- [BRIEF]:
Below are some entries. Transcribe the lines from the one holding "こちらもハゼ天国。砂地はハゼ" to the one holding "Originally, we were", inclusive, but not the pictures among them.

- [INPUT DATA]:
□ □ □ □
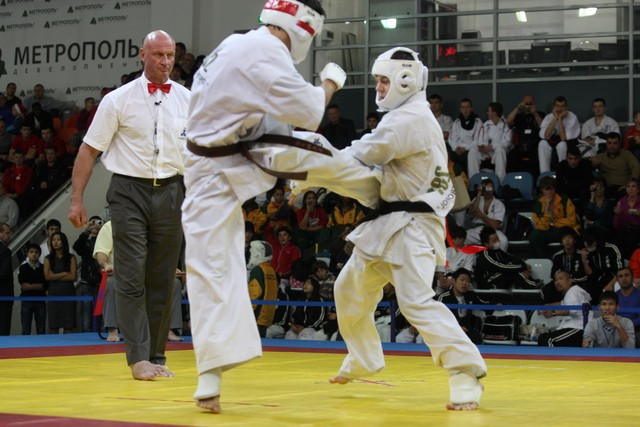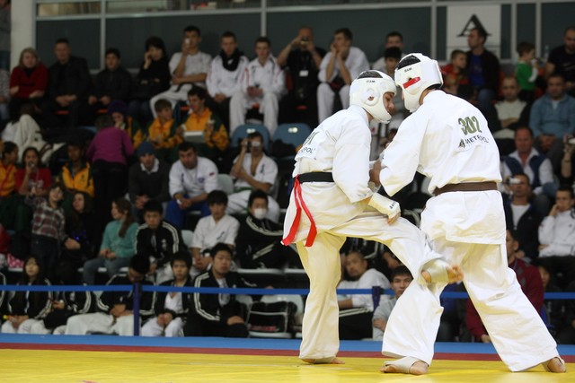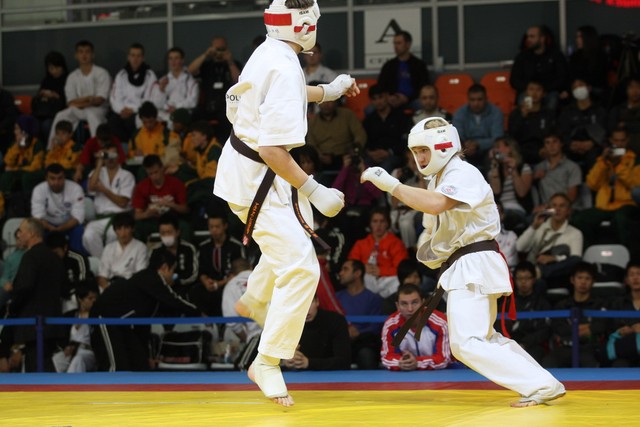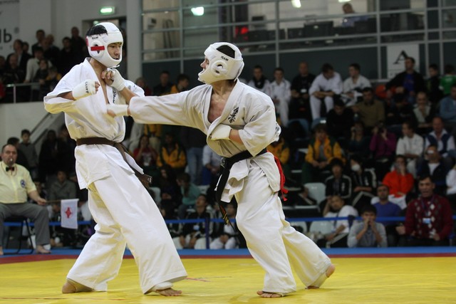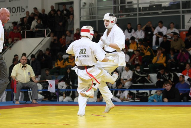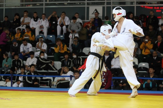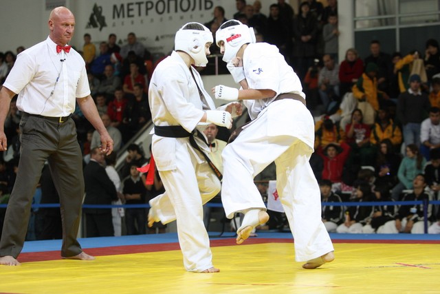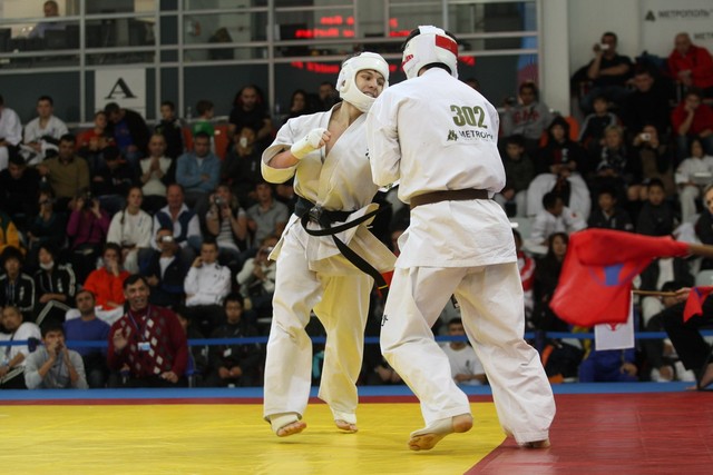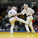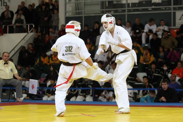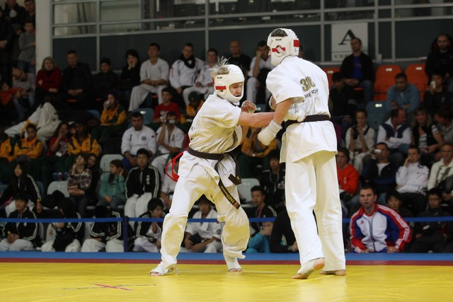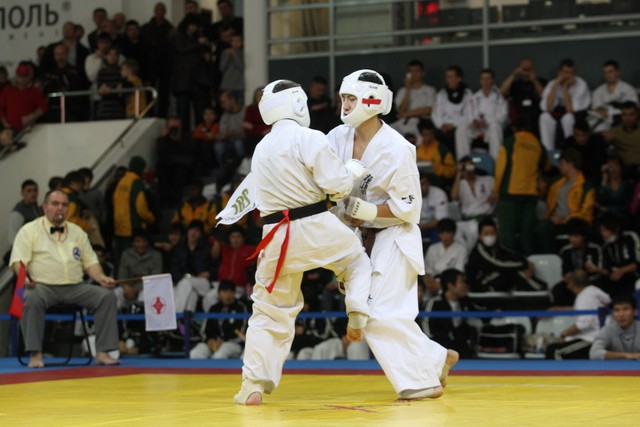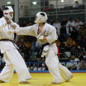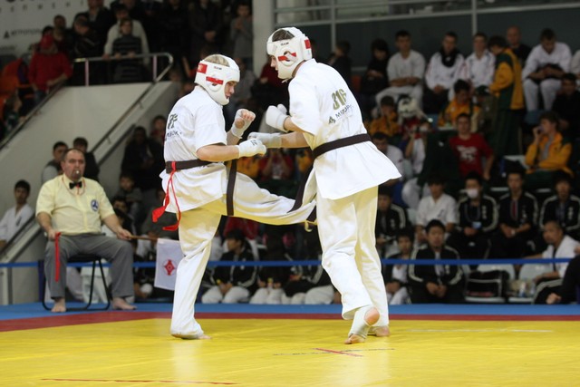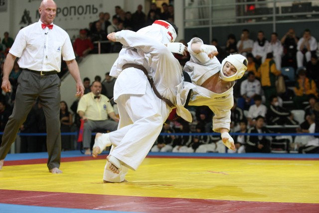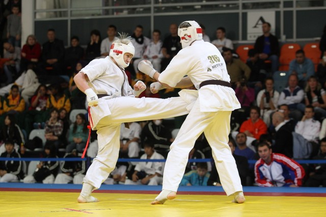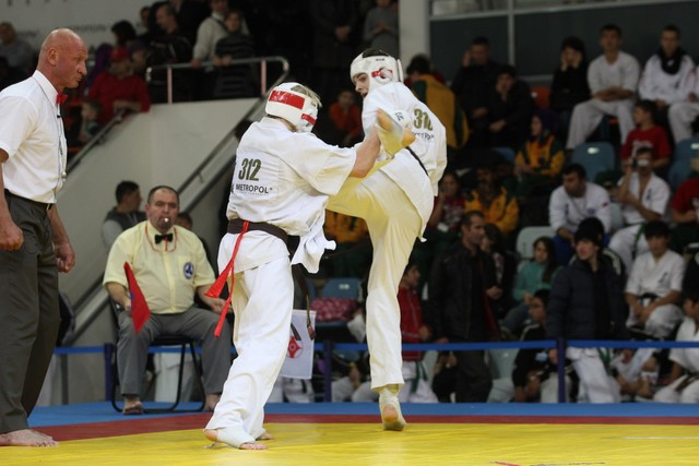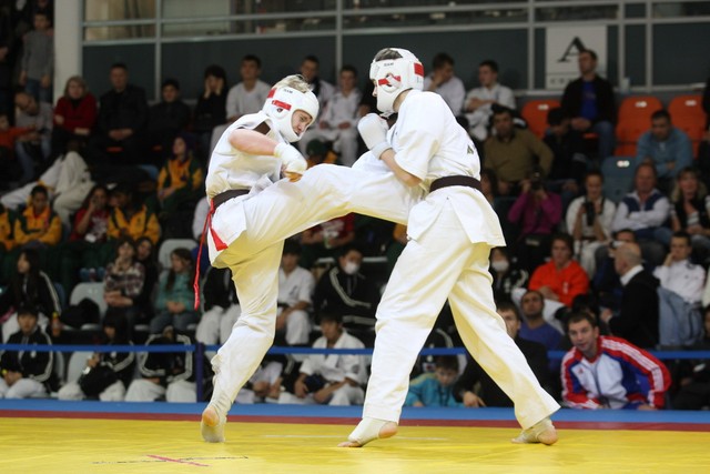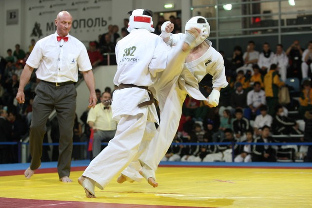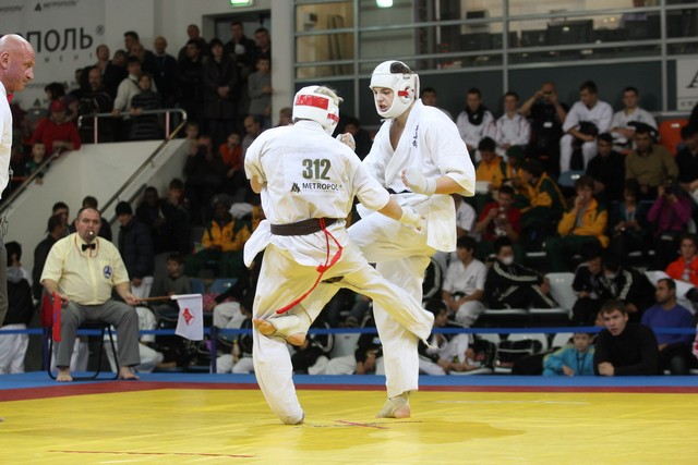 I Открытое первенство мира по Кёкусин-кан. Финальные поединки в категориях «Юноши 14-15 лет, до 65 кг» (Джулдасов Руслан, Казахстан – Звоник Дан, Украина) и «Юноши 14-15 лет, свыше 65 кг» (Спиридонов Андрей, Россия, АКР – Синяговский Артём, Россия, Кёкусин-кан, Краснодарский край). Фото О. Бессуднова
□ □ □ □
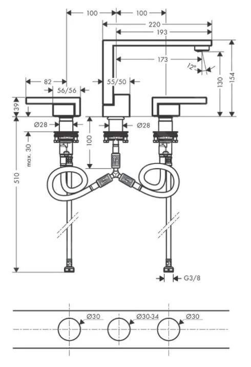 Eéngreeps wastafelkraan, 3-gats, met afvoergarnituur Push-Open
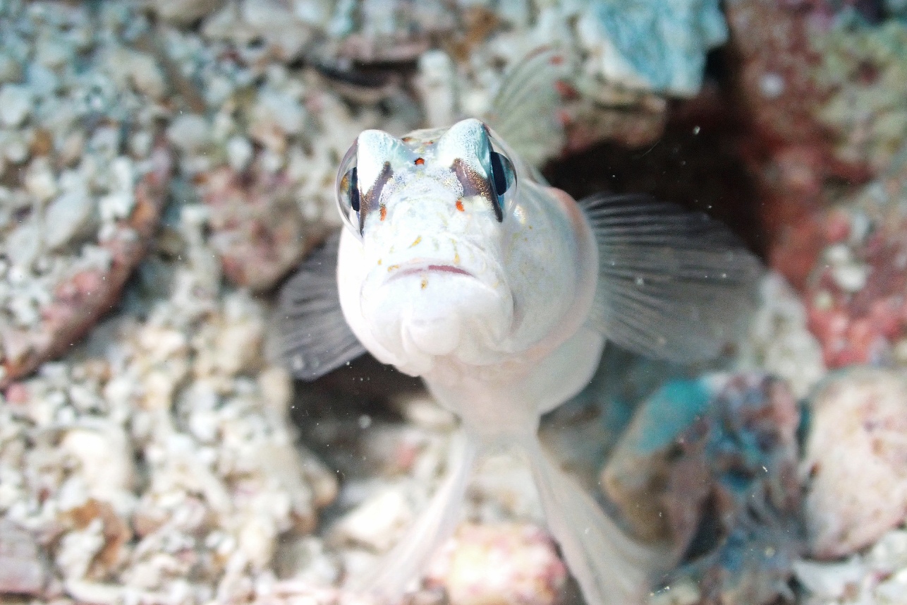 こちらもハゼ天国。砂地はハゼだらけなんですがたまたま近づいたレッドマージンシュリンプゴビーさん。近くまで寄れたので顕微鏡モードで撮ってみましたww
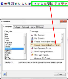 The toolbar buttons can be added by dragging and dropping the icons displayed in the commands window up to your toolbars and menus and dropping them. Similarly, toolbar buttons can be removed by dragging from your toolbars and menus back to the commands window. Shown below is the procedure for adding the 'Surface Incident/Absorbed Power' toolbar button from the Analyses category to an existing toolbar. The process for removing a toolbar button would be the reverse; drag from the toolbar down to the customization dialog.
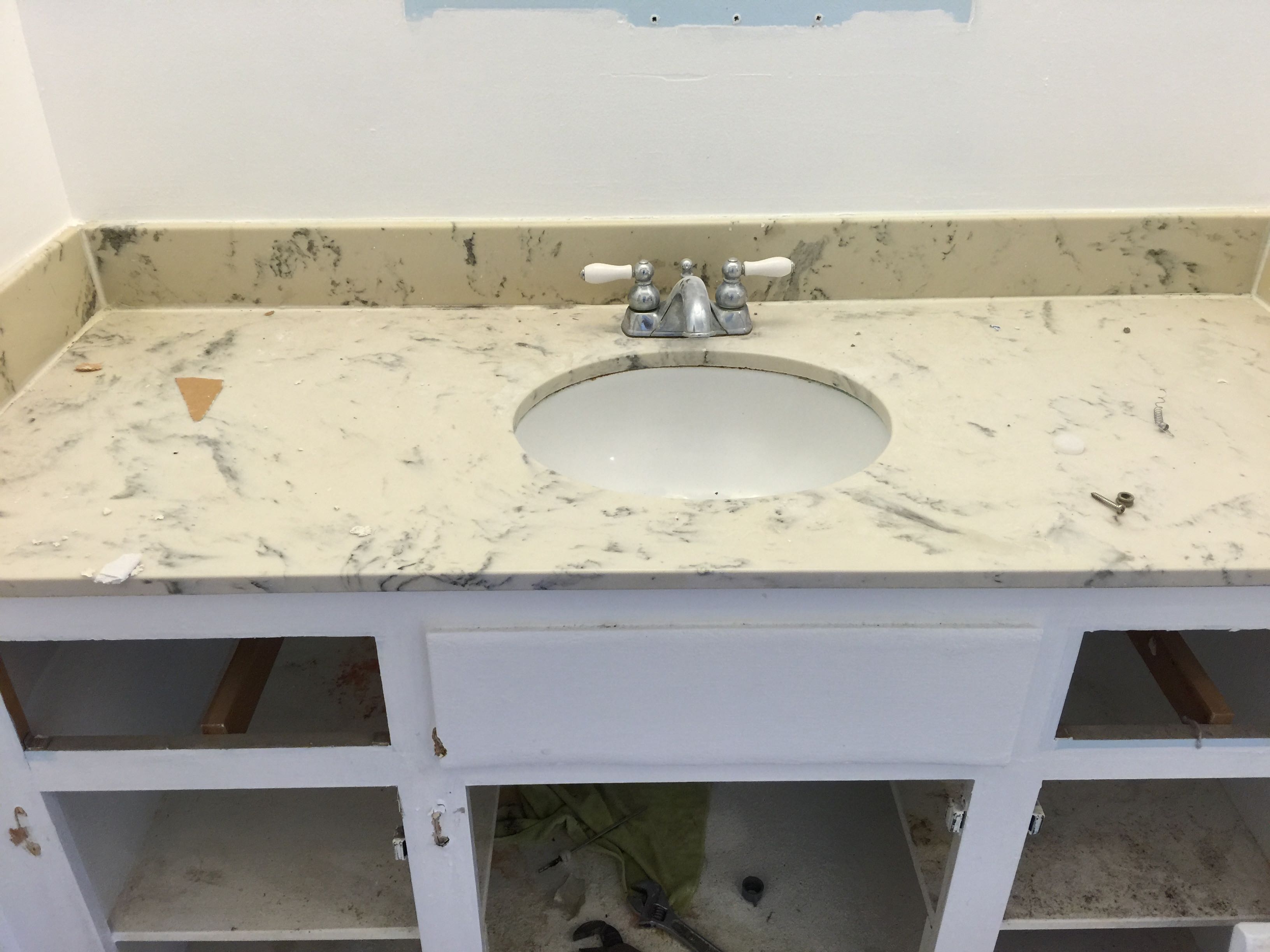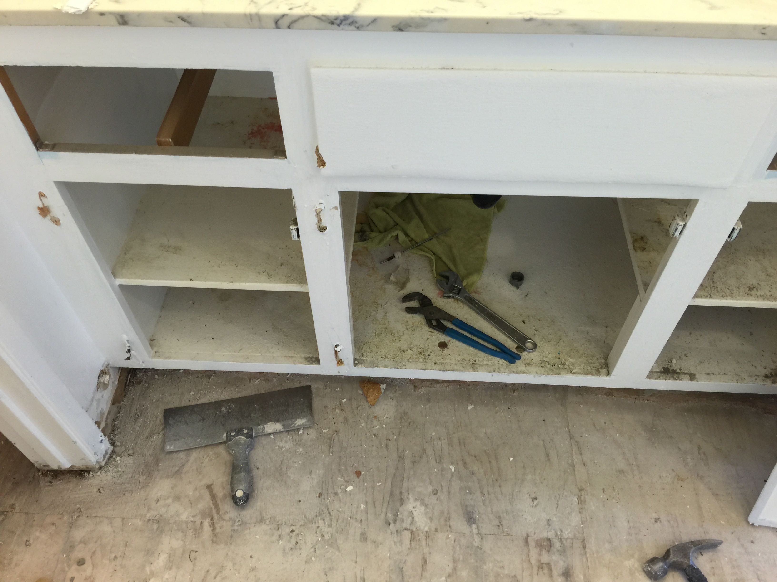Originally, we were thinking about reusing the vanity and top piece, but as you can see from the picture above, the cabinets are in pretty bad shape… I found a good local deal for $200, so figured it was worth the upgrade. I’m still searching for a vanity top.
□ □ □ □
- [SOLUTION FOR THIS TASK]:
 こちらもハゼ天国。砂地はハゼだらけなんですがたまたま近づいたレッドマージンシュリンプゴビーさん。近くまで寄れたので顕微鏡モードで撮ってみましたww
 The toolbar buttons can be added by dragging and dropping the icons displayed in the commands window up to your toolbars and menus and dropping them. Similarly, toolbar buttons can be removed by dragging from your toolbars and menus back to the commands window. Shown below is the procedure for adding the 'Surface Incident/Absorbed Power' toolbar button from the Analyses category to an existing toolbar. The process for removing a toolbar button would be the reverse; drag from the toolbar down to the customization dialog.
Originally, we were thinking about reusing the vanity and top piece, but as you can see from the picture above, the cabinets are in pretty bad shape… I found a good local deal for $200, so figured it was worth the upgrade. I’m still searching for a vanity top.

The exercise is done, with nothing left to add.